I started reviewing the IBC for my test in October and I basically just handpicked the topics which I think would most likely be included in the test. However, as I have no experience whatsoever I sometimes doubt my judgment. For example, I feel that I have been spending so much time on Masonry when I don't think it's as equally common as concrete and steel or perhaps wood.

Also, I plan on reviewing the ASCE and AIC for the structural part and use the CERM for the rest of the topics.

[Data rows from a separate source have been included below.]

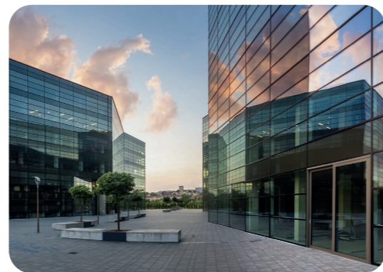
De functionaliteit van de EK-sloten wordt gebruikt in gebouwbeheersystemen van moderne kantoorcomplexen.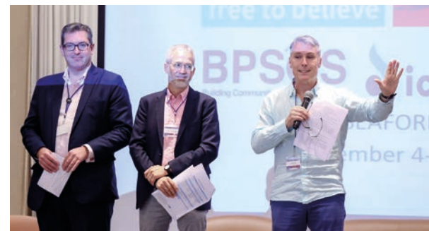
Generalsekretær Ed Brown (til høyre) på SEAFORB.

Sørøst-Asia huser et stort mangfold av etniske og religiøse grupper. I flere land er trosfrihetsutfordringene fremtredende. Vietnam forbyr religiøs virksomhet som ikke er forhåndsgodkjent av staten. Myanmar anklages for folkemord og diskriminering av muslimske og kristne grupper. I Malaysia og Indonesia er islamistiske grupper på fremmarsj.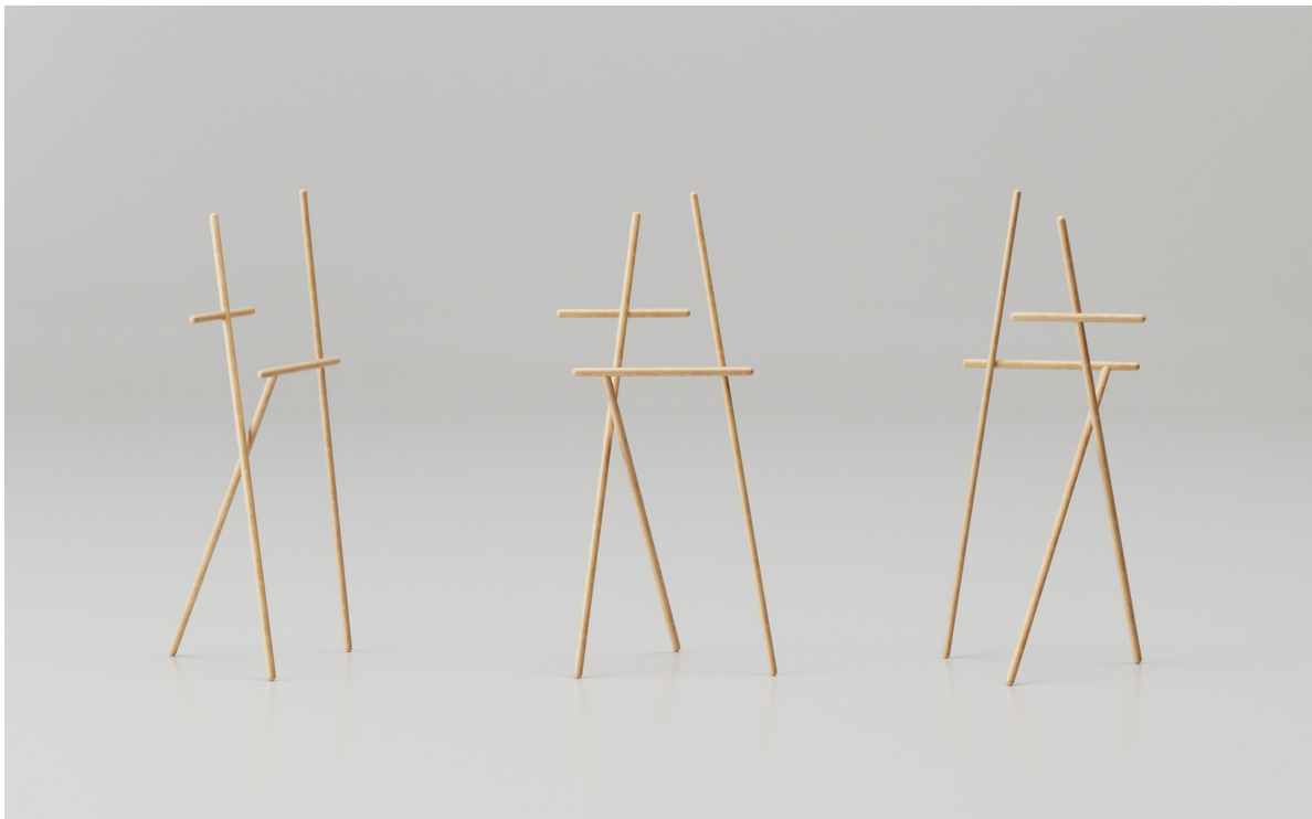
Obr. 23: Autorská vizualizácia, nemý sluha, prvotné tvaroslovie

Takisto priestor na zavesenie košele, saka či iných rozopínateľných kusov odevu má svoje rozmerové pravidlá a pod. Týmto aplikovaním noriem mi vzniklo 5 kusov tyčí z drevenej gulatiny rôznych dĺžok, ktorým som následne začal hľadať vhodnú kompozíciu, ktorá už definovala výsledný tvar. Takouto sofistikovanou kompozíciou v podstate primitívneho spojenia viacerých gulatín vzniklo tvaroslovie. Jednotlivé tyče sú umiestnené v rôznych, špecifických uhľoch v oboch smeroch, na osi x, i na osi z. Tým sa celkový objekt stáva viac priestorovým a z každej strany tvorí v podstate nový tvar, čo splňa parametre solitéru a v priestore, v ktorom bude osadený bude tvoriť výraznú vizuálnu časť interiéru. Svojou kompozíciou a tvarovým obmienením z každej strany vzniká jedinečnosť tohto produktu, ktorý sa tak stáva až akýmsi primitívnym sochárskym dielom s praktickou funkciou.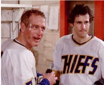
1977 LA CASTAGNE (Slap Shot) de George Roy Hill avec Michael Ontkean

Your thoughts would be greatly appreciated.


----------



## TXengrChickPE (Jan 11, 2009)

The CERM has a decent breakdown of what topics are included on the exam. Are you taking Civil w/ Structural depth? If so, focus on Concrete and Steel. I'd spend just long enough on wood and masonry to be able to know where to look stuff up. Also, keep in mind, some of the questions will not necessarily deal w/ a specific material. I remember a lot of pure structural analysis.


----------



## dastuff (Jan 12, 2009)

You should worry much more about concrete and steel than wood/masonry. That is reflected well in the CERM (which doesn't even have a wood section)


----------



## Jtiger (Jan 15, 2009)

cparanal said:


> I started reviewing the IBC for my test in October and I basically just handpicked the topics which I think would most likely be included in the test. However, as I have no experience whatsoever I sometimes doubt my judgment. For example, I feel that I have been spending so much time on Masonry when I don't think it's as equally common as concrete and steel or perhaps wood.
> Also, I plan on reviewing the ASCE and AIC for the structural part and use the CERM for the rest of the topics.
> 
> Your thoughts would be greatly appreciated.


I have a masters in structural and failed the PE the first time taking structural in the afternoon. I had no experience with all the design codes they listed. I took geo the second time a passed it. My advice is to do what you feel comfortable with, but make sure you give yourself plenty of time to know the design codes if that is the route you're going. If not go structural because it is not that far removed from structural. Good luck.

BTW, there were many wood, bridge, and masonry problems when I took it and had NO idea on. There are also some "structural depth references for the PE exam" by PPI and a "civil pe exam structural code supplement" it's good stuff.


----------